再就職手当を狙うのであれば、失業保険申請後、最初の7日間は仕事探しに全集中しましょう。
すでにアルバイトを始めてしまっている方については、以下の待期期間中のアルバイトをした場合の記事を参考にしてください↓
就職日は雇用開始日
待期期間中の就職は再就職手当の対象になりませんが、ここで言う「就職日」は「雇用開始日」です。「就職が決まった日」ではなく、「仕事を始める日」が就職日になるということです。自身の雇用開始日がいつからになるかは、雇用契約書に記載されています。就職が決まったときは、就職先から雇用契約書を交付してもらい、必ず雇用契約の開始日を確認しておきましょう。
「内定日=就職日」ではない点がポイントです。
例
- 失業保険申請日 4月1日
- 待期期間満了日 4月7日
- 内定日 4月5日
- 雇用開始日 4月8日
⇒ 雇用開始日が待期期間満了日以降のため、再就職手当の対象になる。
基本手当の支給残日数が3分の1以上残っている
再就職手当の対象になるには、就職日時点での支給残日数が、所定給付日数の3分の1日以上ある必要があります。受け取れる失業保険の日数には上限があり、この上限を所定給付日数と言います。
所定給付日数は、雇用保険に加入していた期間・離職理由・離職時の年齢の3つの要素によって決まり、自身の所定給付日数については、雇用保険受給資格者証の第一面19欄で確認してください。
失業保険は、就職日の前日分まで支払われます。所定給付日数から、失業保険として支払われた日数分を差し引いた支給残日数が、所定給付日数の3分の1日以上残っていないと再就職手当の対象になりません。

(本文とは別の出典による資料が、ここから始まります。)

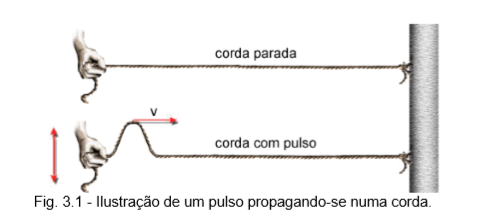 Define-se uma onda como qualquer perturbação que atravesse um determinado meio sem transportar partículas desse meio. Por exemplo, as ondas do mar andam sobre a sua superfície sem entanto carregar as moléculas de água deste junto com ela. Na corda abaixo o pulso de onda viaja sobre esta e, no entanto a corda continua presa ou fixa entre a parede e a mão da pessoa que a segura. O que vemos se deslocar sobre o meio é o perfil da onda, ou seja, a perturbação sobre este.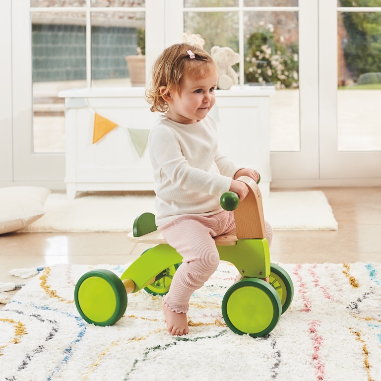 À vos marques, prêts... et c’est parti pour un tour avec ce super porteur à quatre roues. Ce jouet est idéal pour la découverte de la mobilité tout en développant d’importantes habiletés motrices et la coordination. Adapté aux plus petits, n’hésitez pas à l’offrir dès le premier anniversaire de votre enfant. Tour de salon aujourd’hui. Tour de France demain.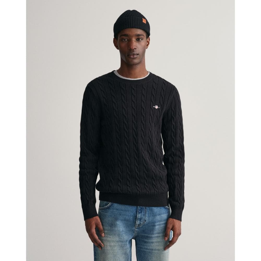 Gant Mens Cotton Cable Knit Crew Neck Jumper - Black - Size Small
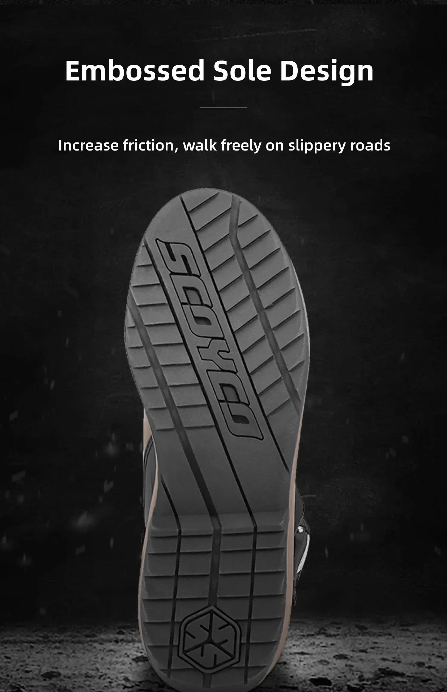SOLE: Mono compound natural rubber sole offers excellent grip and allows for natural flex.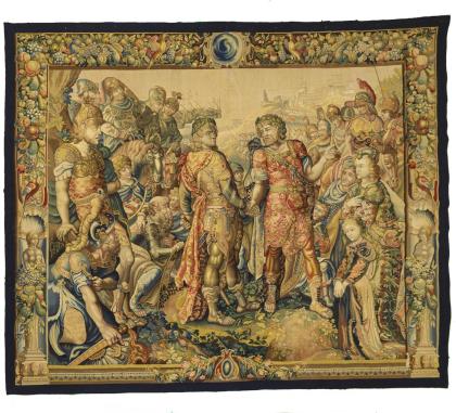 Feine Bildwirkerei mit historisierender, vielfiguriger Antikenszene. Im Zentrum zwei lorbeerbekränzte Heerführer beim symbolischen Handschlag, wohl der junge makedonische König Alexander der Große und der persische Großkönig Dareios III., umgeben von Soldaten, Pferden und Frauenfiguren. Im Hintergrund eine Schiffsflotte und die Ansicht einer Küstenstadt mit vorgelagertem Heer. Bordüre mit üppigem Früchtedekor, Vögeln und Postamenten mit Frauenfiguren

支給残日数 > 所定給付日数÷3 でないと、再就職手当の対象になりません。
支給残日数の計算の仕方
支給残日数の計算方法は以下のとおり。
失業保険は、失業状態が確認できた期間分を分割で支払い、所定給付日数から、支払われた失業保険の日数分が差し引かれていきます。就職日の前日まで失業保険を支払い、残った日数が「支給残日数」になります。
支給残日数は再就職手当の金額計算にも使用する
上記で計算した支給残日数は、再就職手当の金額計算にも使用します。
再就職手当の金額は、以下の式で計算されます。
支給率は60%または70%で計算されますが、支給残日数が所定給付日数の3分の2日以上であれば70%、3分の2日未満であれば60%になります。
離職前の会社・関連企業への就職では無い
再就職手当の対象になるには、「離職前の会社」または「離職前の会社の関連会社」以外への就職である必要があります。「離職前の会社」は、失業保険を受給する直前に離職した会社です。自身の「離職前の会社」は、雇用保険受給資格者証の第一面22欄で確認出来ます。
離職前の会社・関連会社への就職は、原則再就職手当の対象になりませんが、以下の「特別な事情」に該当する場合は、関連会社への就職でも再就職手当の対象になる可能性があります。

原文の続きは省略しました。